Your objective:
Return nothing but the lines from the line with "我想在 SAP 云平台的" through the last line of the entries that follow, copied exactly and free of pictures.

(Dataset excerpts)
+ + + + + + +
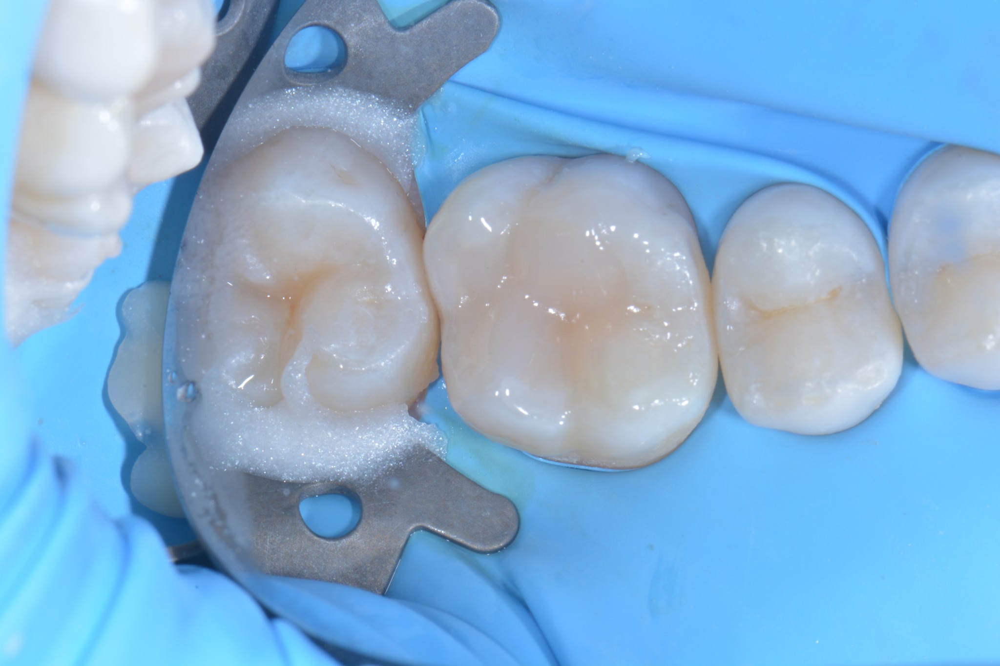 A partire dalle fasi di mordenzatura o sabbiatura il teflon protegge i denti adiacenti senza creare spessori, resta aderente alle superfici, può essere invaginato sotto gengiva. Quando arriva il momento di rimuoverlo scivola via semplicemente ed è pure bello per la documentazione fotografica, soprattutto per l’effetto che fa quando ci lasci qualche goccia d’acqua…
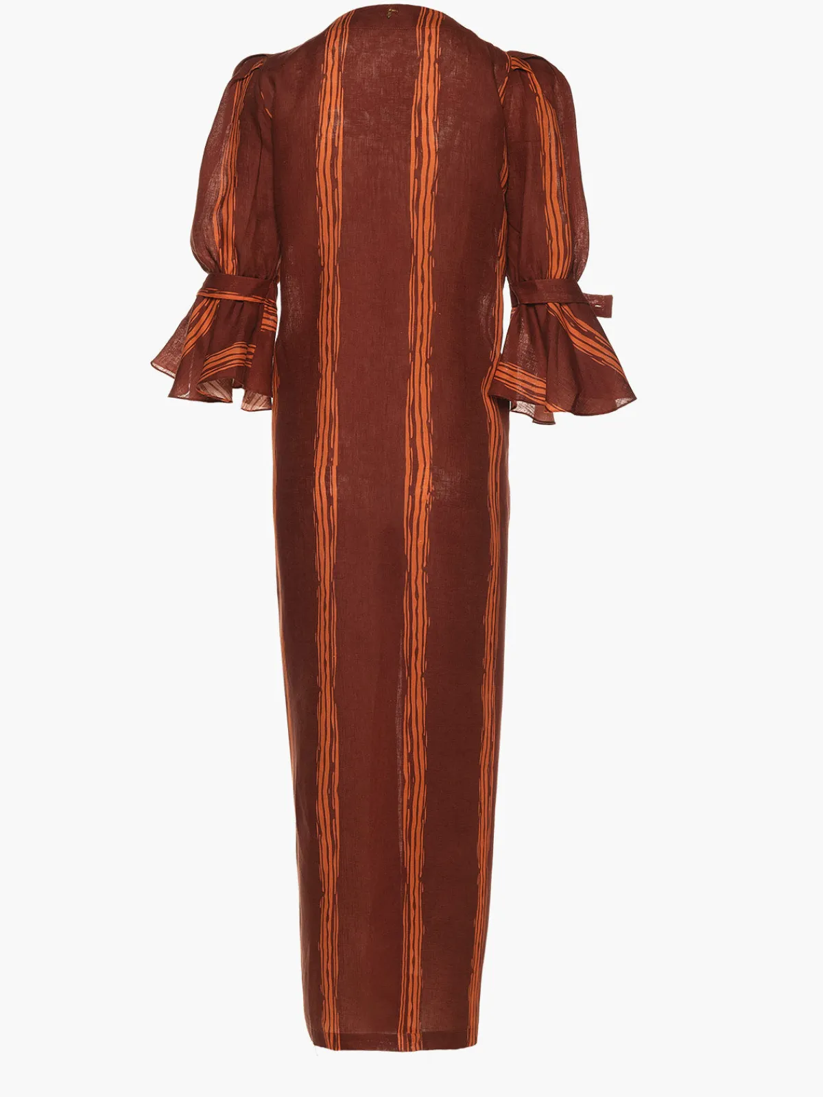 Our Juan de Dios Agua Alta Linen Dress in Wine Stripes boasts a flowy silhouette in a maxi length with puffed shoulders, 3/4 length sleeves, and an open front with a tie closure. Crafted by artisans in Colombia.
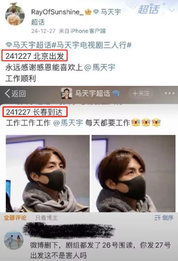 或许有人会说,IP地址不准,或者他的微博是工作人员帮忙发的。但这个说法根本站不住脚,因为马天宇的粉丝在27号当天分享了他从北京出发、长春到达的行程。
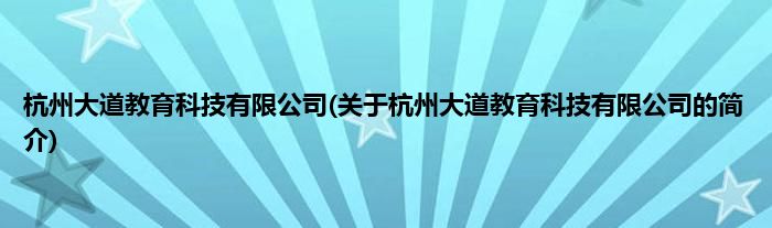 本文关于杭州大道教育科技有限公司的简介就讲解完毕,希望对大家有所帮助。
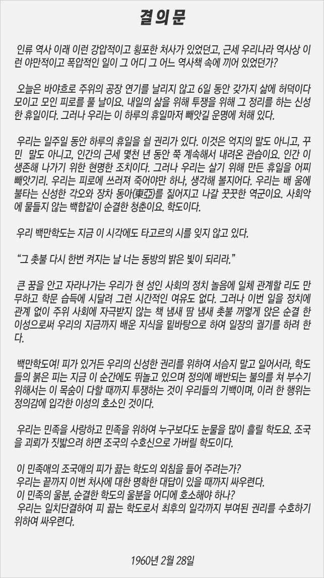 “백만 학도여, 피가 있거든 우리의 신성한 권리를 위하여 서슴지 말고 일어서라. 학도들의 붉은 피가 지금 이 순간에도 뛰놀고 있으며, 정의에 배반되는 불의를 쳐부수기 위해 이 목숨 다할 때까지 투쟁하는 것이 우리의 기백이며, 정의감에 입각한 이성의 호소인 것이다.”
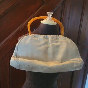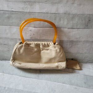 Vintage Saks Fifth Avenue Beige Leather Handbag With Bakelite Handles & Coin Pur
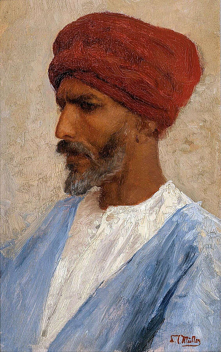 Portrait of an Oriental with a Red Turban — Leopold Carl Muller
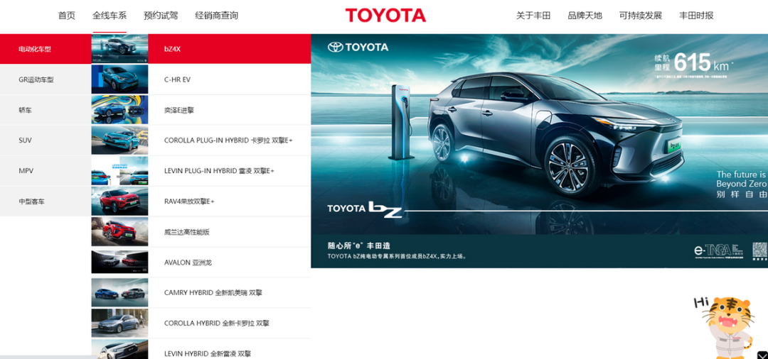 从丰田中国的官网上可以看到,丰田的电动化车型列表里面,包含着大量由传统燃油车型衍生而来的混动款,最新推出的bZ4X硬是和混动车型放在了一起。
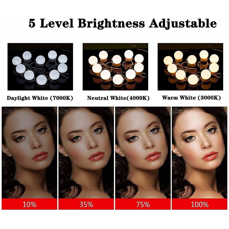 تتميز المجموعة بـ 10 لمبات LED التي تصدر إضاءة ساطعة ولكن ناعمة، مما يحاكي إضاءة هوليوود الرائعة. يمكنك الاختيار من بين ثلاث درجات حرارة لونية مميزة: الأبيض البارد للدقة، والأبيض الدافئ لتوهج طبيعي، والأبيض الناعم لخلق جو مريح. تتيح لك هذه المرونة تخصيص إضائتك بناءً على احتياجاتك وتفضيلاتك.
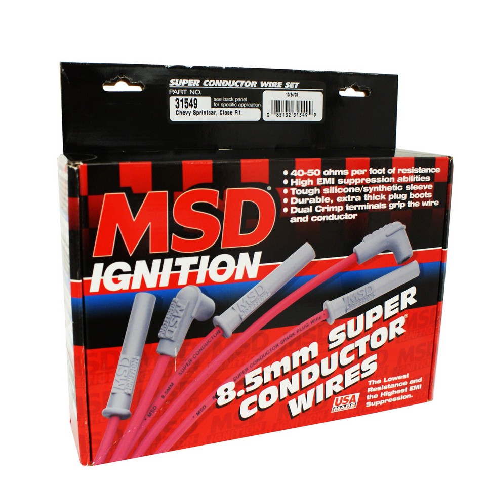 The MSD 8.5mm Super Conductor Spark Plug Wires are the only wires recommended for use with the Pro Mag. The wires feature a copper alloy conductor that is tightly wrapped around a special center core to create a highly effective EMI choke. With this design, the wire has less than 50 ohms resistance per foot, but does not interfere with any other electronics!
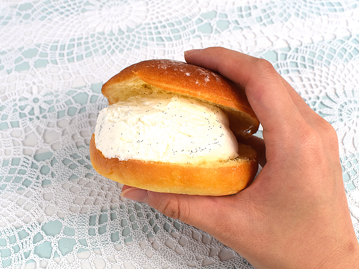クリームを挟んでいるブリオッシュ生地は、バターの旨味を楽しめる本格派。ふんわりとやわらかく、噛むとほろほろ崩れる食感が絶妙です。国産小麦の小麦粉をブレンドしており、鼻に抜けていく豊かな香りも見事。ほのかな塩味と上品な甘みが、クリームのコクとマッチしています。見た目に反して全体的に甘さ控えめのスイーツに仕上がっているので、甘すぎるスイーツが苦手な人でもおいしく食べられそう。
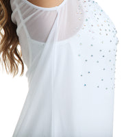 This sleeveless mesh overdress is a minimalistic silhouette but with the addition of the rhinestone waterfall design, it adds just the right amount of sparkle and is the perfect dress for your next lyrical or contemporary performance. Round neckline. AB rhinestone for extra shimmer.  Polyester.
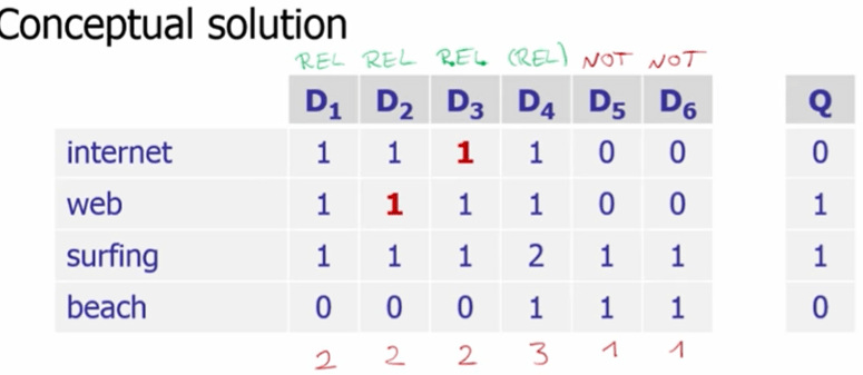 A rigid dot product between this term-document matrix and the query Q vector will cause the issue that “internet surfing” is missed for query of “web surfing”, human can see it quickly but not this rudimentary form of math/machine reading.
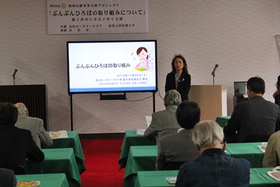 また、贈呈式において、本学の子育て支援事業「ぶんぶんひろば」の取り組みについて子ども学科大橋英子教授の講演を併せて開催しました。
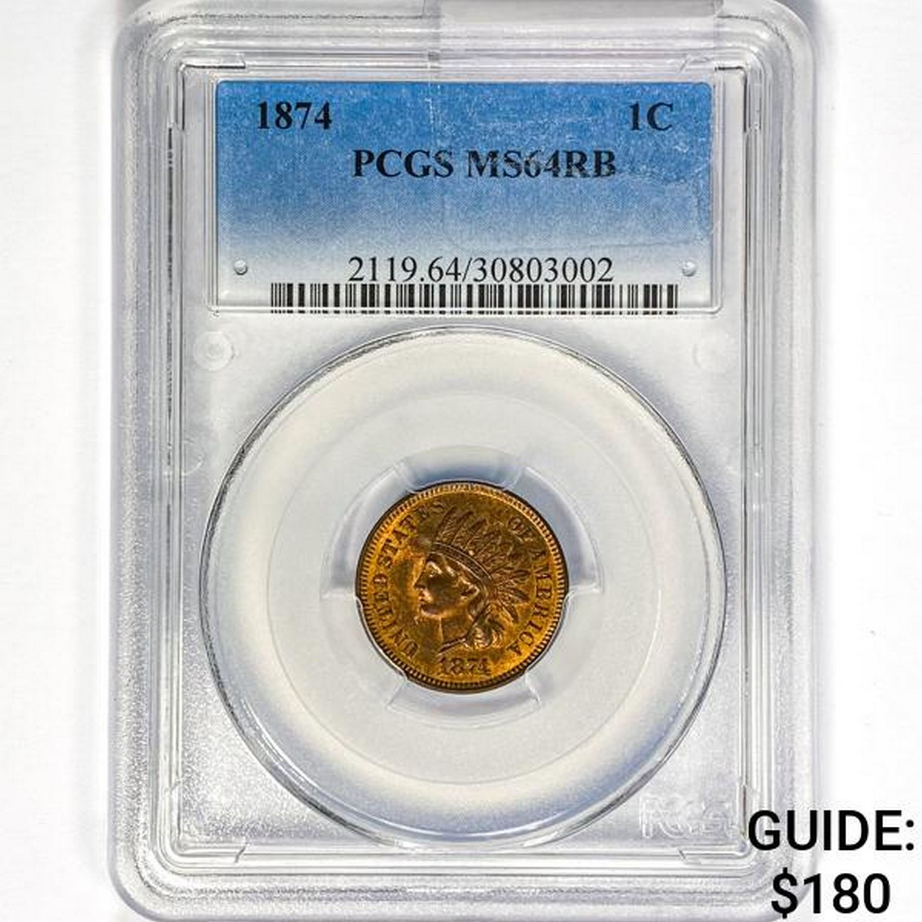 1874 Indian Head Cent PCGS MS64 RB
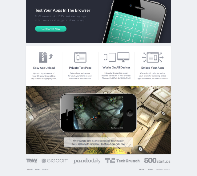 可以让开发者在浏览器上测试其iOS应用的Kickfolio正式对开发者开放。Kickfolio是一家500 Startups资助的初创企业,跟Facebook收购的Pieceable或面向Android的Appsurfer类似,他可以让开发者上传移动应用的编译模块到Kickfolio的平台上,然后可以让其他人在web上与app交互,无需下载测试执行代码到移动设备上即可进行测试。
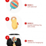 Igrača DISCOVEROSITY 3 v 1 za voziček je zasnovana v sodelovanju s strokovnjaki za montessori izobraževanje. Podpira vizualno stimulacijo, razvija motorične spretnosti in je idealna za uporabo doma in na poti.
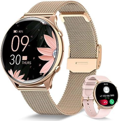 - 1 RUXINGX Montre Connectée Femme avec Appel Bluetooth 5.3, Smartwatch Suivi des Règles, 120+ Modes Sport, SpO2/Fréquence Cardiaque/Sommeil/Tension Artérielle, Podometre IP68 Étanche iOS Android Or Rose
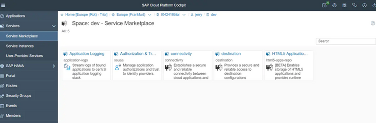 我想在 SAP 云平台的 Cloud Foundry 环境下使用 MongoDB 服务,但是在 Service Marketplace 上找不到这个服务。
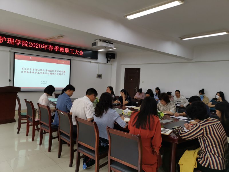 2月21日,习近平总书记给在北京大学首钢医院实习的西藏大学医学院学生回信,肯定了西藏大学医学院学生献身西藏医疗卫生事业的志向,勉励学生珍惜学习时光,练就过硬本领,毕业后到人民最需要的地方去,以仁心仁术造福人民特别是基层群众。日前,习近平总书记给在首钢医院实习的西藏大学医学院学生的回信在各大高校中引起了热烈反响。5月14日下午,护理学院召开全体教职工会议,以集体学习的形式,深刻领会、全面贯彻落实习近平总书记重要回信精神。
+ + + + + + +
Response for this exercise:
 我想在 SAP 云平台的 Cloud Foundry 环境下使用 MongoDB 服务,但是在 Service Marketplace 上找不到这个服务。
 2月21日,习近平总书记给在北京大学首钢医院实习的西藏大学医学院学生回信,肯定了西藏大学医学院学生献身西藏医疗卫生事业的志向,勉励学生珍惜学习时光,练就过硬本领,毕业后到人民最需要的地方去,以仁心仁术造福人民特别是基层群众。日前,习近平总书记给在首钢医院实习的西藏大学医学院学生的回信在各大高校中引起了热烈反响。5月14日下午,护理学院召开全体教职工会议,以集体学习的形式,深刻领会、全面贯彻落实习近平总书记重要回信精神。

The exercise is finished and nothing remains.